Colorado governor backs environmental Left against economy-boosting fracking revolution

by WorldTribune Staff, April 25, 2019

On April 16, Colorado Gov. Jared Polis, a Democrat, signed into law Senate Bill 19-181, which allows cities and counties to regulate oil and gas development under their planning and land-use powers.

Critics say the bill amounts to a de facto ban on drilling and is a major blow to the state’s $31 billion oil and gas industry.

A REMI Partnership study released last month by industry groups estimated that a 50 percent reduction in production by 2030 would wipe out 120,000 jobs and $8 billion in state and local tax revenue.

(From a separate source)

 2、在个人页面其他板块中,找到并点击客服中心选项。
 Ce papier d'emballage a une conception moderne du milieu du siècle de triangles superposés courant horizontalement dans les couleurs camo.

Colorado is doing something “that hasn’t been done, and that is: a state with a very significant pool of gas and oil is going to make it a lot more difficult to mine it,” said Denver political analyst Floyd Ciruli. “There is really now ample warning that the way this legislation is drafted, it’s essentially going to allow some level of a ban.”

State Sen. Rob Woodward, a Republican, said before the new law passed that “People will lose their jobs, people will lose their homes, people will lose their businesses. And as we all know when this happens, marriages will crumble, suicides will increase. It’s not a pretty picture.”

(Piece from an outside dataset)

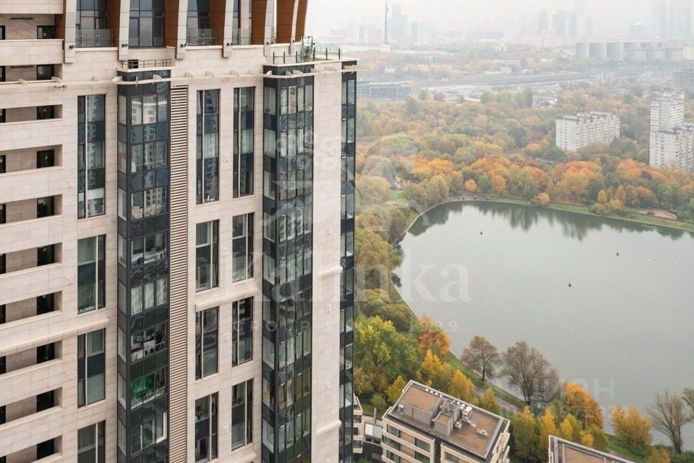 Из окон квартиры открывается красивый вид на пруд и Москва-Сити.

Democrats said the law is necessary to avert global warming.

“Climate change is real. It’s happening. And we have a moral and economic imperative to act now,” House Speaker K.C. Becker said in a March 4 op-ed for the Boulder Daily Camera.

Related: U.S. oil production sets new records, prices decline, November 9, 2018

Polis assumed office in January. He succeeded pro-fracking Democrat John Hickenlooper, who has entered the 2020 presidential race.

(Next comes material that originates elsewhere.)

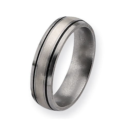 Titanium ring has a sterling silver inlay and two antiqued black stripes. Brushed finish, domed center. Width: 6mm. Made of aircraft grade titanium. Comfort fit. Import.Aircraft grade titanium [Ti 6Al-4V] is comprised of 90% titanium, 6% aluminum, 4% vanadium. It is hypoallergenic and guaranteed not to cause allergic reactions, skin irritations or discoloration of any sort. While pure grades of titanium [99.9%] used in most other titanium jewelry is very durable, Ti 6Al-4V is 2x stronger and 2.5x to 5x harder. This alloy has a tensile strength of up to 150,000 psi and a Brinell hardness value of 330.

This week, opponents of the new law decided to withdraw a repeal effort aimed at getting a ballot initiative before voters in 2019.

Weld County Commissioner Barbara Kirkmeyer and former Arapahoe County Commissioner John Brackney filed ballot proposals in early April to reverse Senate Bill 19-181, the Denver Post reported.

State election officials, who review proposals for placement on the ballot, rejected the measure last week. They said it violated the rule limiting an initiative to only one subject.

Kirkmeyer and Brackney requested a second hearing, but decided to aim for the 2020 ballot instead.

In signing the new legislation, Polis said he hoped it would end conflicts over drilling that has increased in more populated areas of Colorado.

“Today, with the signing of this bill, it is our hope that the oil and gas wars that have enveloped our state are over and the winner is all of us,” Polis said on April 16.

New York, Maryland and Vermont have all prohibited fracking, but those states don’t have near the oil and gas industry presence as Colorado, which is the fifth-largest producer of natural gas in the U.S. The industry supports more than 230,000 jobs in the state, according to the U.S. Energy Information Administration.

A REMI Partnership study released last month by industry groups estimated that a 50 percent reduction in production by 2030 would wipe out 120,000 jobs and $8 billion in state and local tax revenue.

In November, Colorado voters defeated Proposition 112, which would have set a statewide minimum distance requirement for new oil and gas development.

But, in a state with shifting demographics, Democrats also won control of all levers of state government, wiping out Republicans’ one-seat edge in the state Senate, adding to their majority in the state House and sweeping the state constitutional offices.

“When you look at the demographic changes in the state (an influx of Californians and millennials) and the fact that climate change has now become a civic religion with a significant number of people, it’s hard for gas and oil to compete in that environment no matter how good their PR is,” Ciruli said.

Kirkmeyer said in a statement that the ballot proposal to repeal the anti-fracking law “has been sidelined for 2019 on a technicality and behind-the-scene maneuvering.” She said with the executive and legislative branches “controlled by extreme liberal Democrat politicians, we knew the deck was stacked against us going into this.”

A number of supporters have committed funding and resources and vowed “to go the distance,” Kirkmeyer added. “We plan to come back stronger, defend our state, our families and re-file a refined ballot initiative for 2020.”